Food for the Soul


By Jamari Jordan

The Black Affairs Council’s Cafe Soul signifies the raw talent present here at the University of Georgia

Singers sung their hearts out. Spoken word artists delivered gut-wrenching performances. Saxophone notes soared, a voice echoed through the room that would make Adele cry, and most importantly, life was given.


“A night like this just tells us what a great amount of diversity we have on campus, but also the extraordinary talents they all have,” said University of Georgia President Jere Morehead. “Great singers, great artists, great musicians, it has been a great experience.”

Cafe Soul 2014 was nothing short of awe-inspiring from start to finish. The Black Affairs Council left everyone attending in the packed crowd with a night of music, poetry, and dance few, if any, will ever forget.

“Tonight simply just confirmed how talented our students are,” said Vice President of Student Affairs Victor Wilson. “We have a talented group of students here with diverse talents. I think this is just the tip of the iceberg because they can do amazing things.”


The event was hosted by senior Mark Abere and junior Kalyn Wilson. From the opening sentence, they had the crowd in the palms of their hands. The duo worked very well together bouncing off one another all night.

“Cafe Soul is important because it shows the talent our students have outside the classroom,” said Abere. “We get bogged down with classes sometimes that we forget to express ourselves. Cafe Soul is one of those days a year we get to do that.”

Jokes were made about performers achieving ultimate LightSkin status, potential baes being found, and edges being snatched all of which had the crowd holding their stomachs for the duration of the night. In the end, the crowd, especially the hosts, were floored by the performers.

“These performances have given me life,” said Kalyn Wilson. “I respect the talent and the courage these performers have shown on the stage. We are multifaceted individuals. We are intelligent, but beyond that we know art and craft and how to express it.”

No one could tell that any performer was nervous as each participant commanded the stage with nothing short of grace and confidence. Some made us think about the one that got away, some made us rethink our past, and some took us to church.


“Performing leaves me speechless,” said sophomore performer Tifara Brown. “The person I want to be and the person I know I can be comes out when I’m on stage. It’s just indescribable.”

“Spoken word gives you the power to connect with people on an intellectual level,” said junior performer Darrell Ballard. “There are things in life that people go through that you go through as well. If you can put that into words, make it rhyme, create metaphors, it gives them the ability to express themselves through you.”
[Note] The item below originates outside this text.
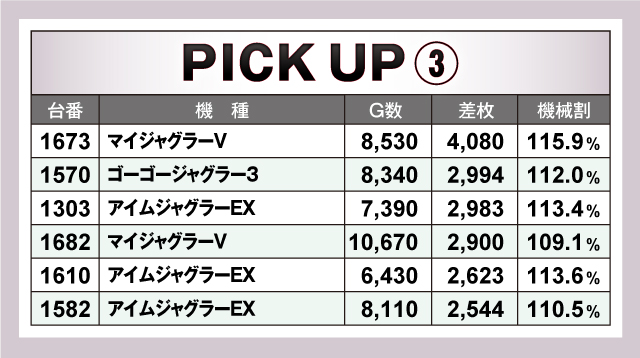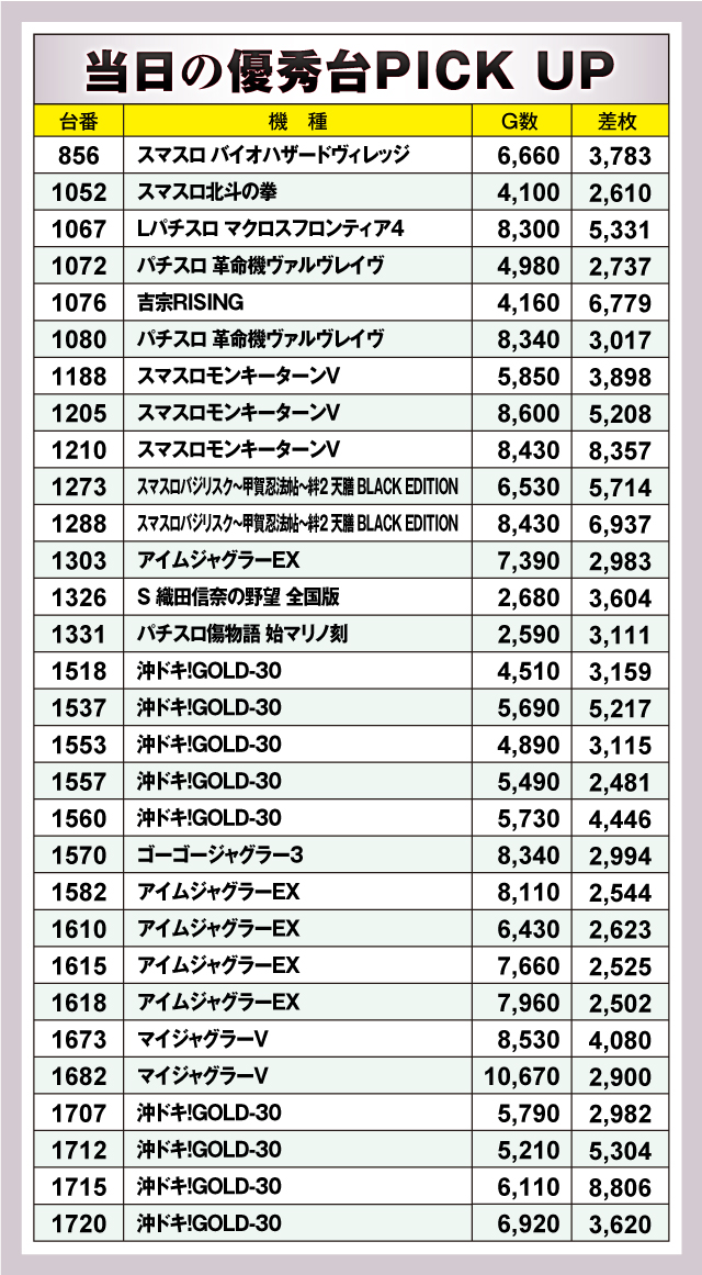 まずは優秀台30台のピックアップから。30台すべてが+2,000枚を超えており、+3,000枚オーバーは19台出現。それらの中でもっとも優秀だった台は、1715番台の「沖ドキ!GOLD-30」で、差枚+8,806枚と素晴らしい結果をマーク! ランクイン機種全体を見渡すと、スマスロなどハイスペック機種が大半を占める中、30台中8台がジャグラーシリーズという結果に。様々な機種に楽しめる環境が用意されていた可能性が高そうだ!

An event like this reflects on the effectiveness of the organization who throws it. The Black Affairs Council continues to provide the student body with diverse events for diverse audiences. Last night was yet another reminder of that as it was a celebration of different cultures.

“As a black student, I love seeing a group {BAC} promote black culture in a positive light,” said Brown. “It’s priceless. You can’t put a price tag on the effect that has on a group of people.”